Atum
Thunnus thynnus · species
O atum-rabilho é um predador pelágico de topo que pode alcançar 3 metros de comprimento e 650 kg, migrando entre o Atlântico e o Mediterrâneo. Espécie em perigo de extinção pela pesca excessiva.
Ficha técnica
Dados medidos de fontes científicas — sem invenção.
| Comprimento | até 3 m (máximo 4,58 m registrado) |
|---|---|
| Peso | até 650 kg (máximo 684 kg registrado) |
| Velocidade | 80-90 km/h em períodos curtos |
| Longevidade | mais de 15 anos |
| Maturidade sexual | 4-5 anos |
| Dieta | Carnívoro (peixes pelágicos, sardinhas, chicharros, arenques) |
| Habitat | Atlântico Norte, Mar Mediterrâneo, águas pelágicas |
| Conservação | Em perigo de extinção |
O atum-rabilho, nome científico Thunnus thynnus, pertence à família Scombridae e é um dos maiores atuns conhecidos. Apresenta corpo fusiforme robusto, com dorso azul-escuro quase negro e ventre prateado. A primeira barbatana dorsal é amarela ou amarelo-azulada, enquanto a segunda tem coloração castanha ou vermelha. Diferencia-se de outras espécies pelo fato da barbatana peitoral não chegar à inserção da segunda dorsal e por possuir apenas 34 a 43 dentes no primeiro arco branquial.
Como espécie pelágica, o atum-rabilho forma cardumes pouco numerosos que se deslocam a altas velocidades, usualmente entre 80 e 90 km/h durante períodos curtos. Realiza migrações periódicas conhecidas há séculos, deslocando-se desde o Golfo do México e Flórida até ao Mar Cantábrico. Prefere águas com temperaturas em torno dos 20 °C, embora tolere variações entre 5 °C e 30 °C.

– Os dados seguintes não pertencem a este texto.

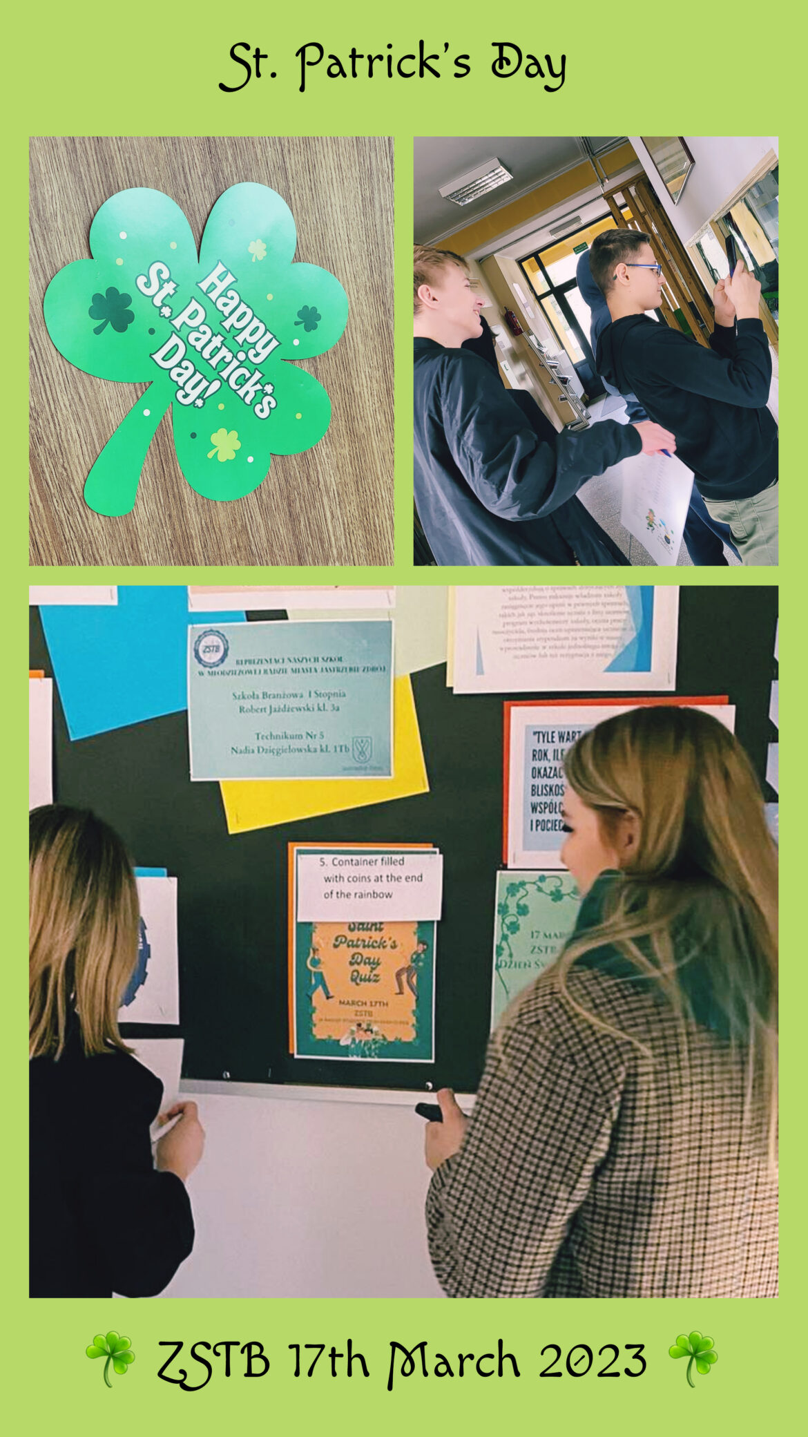 7 marca w piątek w naszej ZSTB świętowaliśmy Dzień Świętego Patryka. Tego dnia na lekcjach języka angielskiego mogli zapoznać się z postacią patrona Irlandii, natomiast przedstawiciele klas obecnych tego dnia w szkole, wzięli udział w zabawie, w której sprawdzana była wiedza o Irlandii, św. Patryku oraz tradycjach i obyczajach związanych z obchodami dnia Jego imienia. Zadanie nie było łatwe, gdyż uczniowie musieli się wykazać nie tylko wiedzą na powyższe tematy, ale również dobrą znajomością języka angielskiego oraz orientacją w terenie gdyż pytania rozsiane były na terenie całej szkoły. Najszybciej i najlepiej z pytaniami poradzili sobie uczniowie klasy 1c, ale reszta poradziła sobie równie dobrze.

Atinge a maturidade sexual aos 4-5 anos de idade, com tamanho de 1,0 a 1,2 metros e peso de 15 a 25 quilogramas. É estritamente carnívoro, alimentando-se de pequenos peixes pelágicos como sardinhas, chicharros e arenques. Realiza migrações do Atlântico ao Mediterrâneo para desovar nos meses de maio ou junho, retornando posteriormente para mares mais frios durante o inverno.
A população de atum-rabilho sofreu declínio severo devido à pesca intensiva. A Comissão Internacional para a Conservação do Atum Atlântico constatou que a população do Atlântico ocidental diminuiu 90% desde a década de 1970, enquanto a do Mediterrâneo decresceu 50% no mesmo período. A biomassa de reprodutores caiu para apenas 20% dos níveis de 1970, levando a espécie a uma situação crítica de conservação.